Butler, Shine, Stern & Partners (also known as BSSP) is an agency headquartered in Sausalito, California, providing services in advertising, online content, experiential marketing, web development, data analytics, integrated communications planning, and strategic brand consulting. BSSP is one of the largest independent agencies on the West Coast.

History
Butler, Shine, Stern & Partners was founded in 1993 when John Butler and Mike Shine became the first creative team to leave Goodby, Silverstein & Partners to form their own agency.  Greg Stern joined shortly thereafter as Chief Executive Officer.

In 2003, BSSP acquired SF Interactive (SFI). In 2005, they launched Cleaver Content, an in-house studio that the agency leverages to shoot, edit, code, design and produce all forms of content.

As advertising agency for Converse, BSSP created the award-winning "Brand Democracy" campaign - one of the first uses of consumer-generated content as advertising.  

In 2006, BSSP took over BMW's MINI Cooper account after Crispin, Porter + Bogusky dropped them for Volkswagen.  In 2009, BSSP won a Gold Effie Award for their MINI Clubman advertising campaign. 

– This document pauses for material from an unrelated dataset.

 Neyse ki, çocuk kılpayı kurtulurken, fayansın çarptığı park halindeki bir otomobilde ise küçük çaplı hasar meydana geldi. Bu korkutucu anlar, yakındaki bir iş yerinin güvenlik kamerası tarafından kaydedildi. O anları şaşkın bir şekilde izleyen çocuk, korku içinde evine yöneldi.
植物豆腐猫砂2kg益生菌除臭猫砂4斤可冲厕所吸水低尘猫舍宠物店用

BSSP worked with Priceline for over 9 years, and created the iconic Priceline Negotiator campaign featuring William Shatner.  

Awarded Small Agency of the Decade by Adweek Media: Best of 2000s, BSSP was named one of the top Places to Work in the U.S. by Outside Magazine in 2011, 2012, 2013 and 2014.  

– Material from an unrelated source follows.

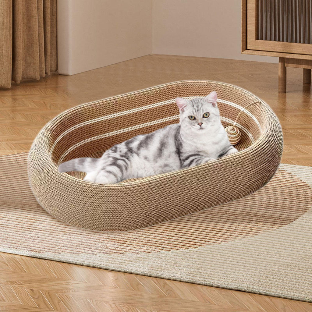 【Material】: The oval cats scratch pad made of sisal and high density board to withstand the most enthusiastic scratching and clawing

In 2017, BSSP resigned the MINI account after an 11 year long relationship.  Leveraging their automotive experience, the agency was soon after awarded the Mitsubishi advertising account.  

In 2018, BSSP was named AdAge's Small Agency of the Year based on their accomplishments with clients including Mitsubishi, Blue Shield of California, and leading basketball videogame title NBA 2K.

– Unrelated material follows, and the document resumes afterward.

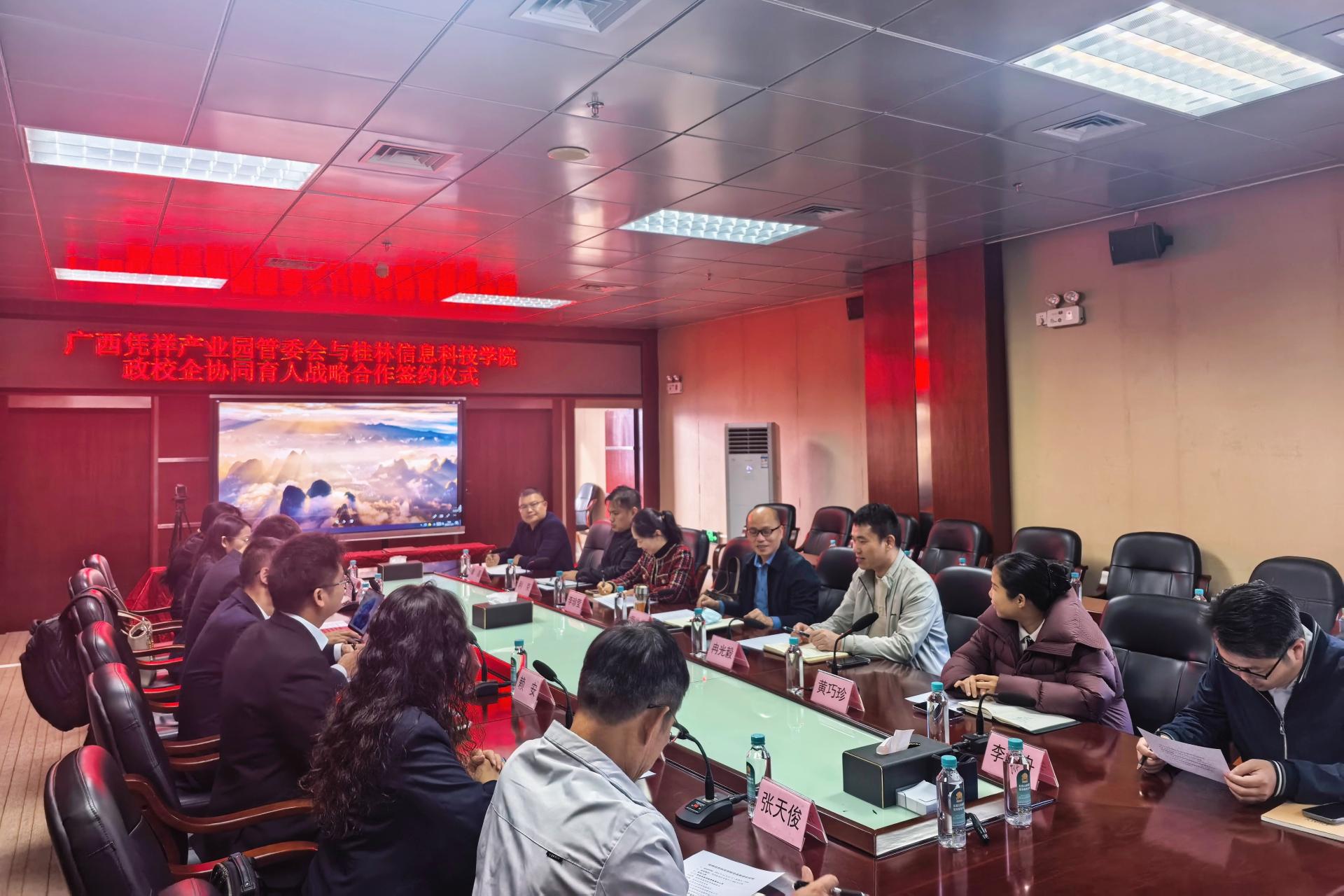 广西凭祥产业园区管委会保税自贸事务局副局长黄生弟与刘跃峰副校长进行政校企协同育人战略合作签约

BSSP has fostered a multi-year partnership with Blue Shield of California, creating notable campaigns for this brand.  

The agency has  supported a steadily increasing roster of consumer brands owned by Sovos Brands, including Rao's Homemade, Michael Angelo's, Noosa yoghurt, and Birchbenders.

In addition to leading BSSP for over 27 years, the agency's founders are industry leaders:  John Butler was previously president of the prestigious One Club, and Greg Stern served as Chairman of the 4As.  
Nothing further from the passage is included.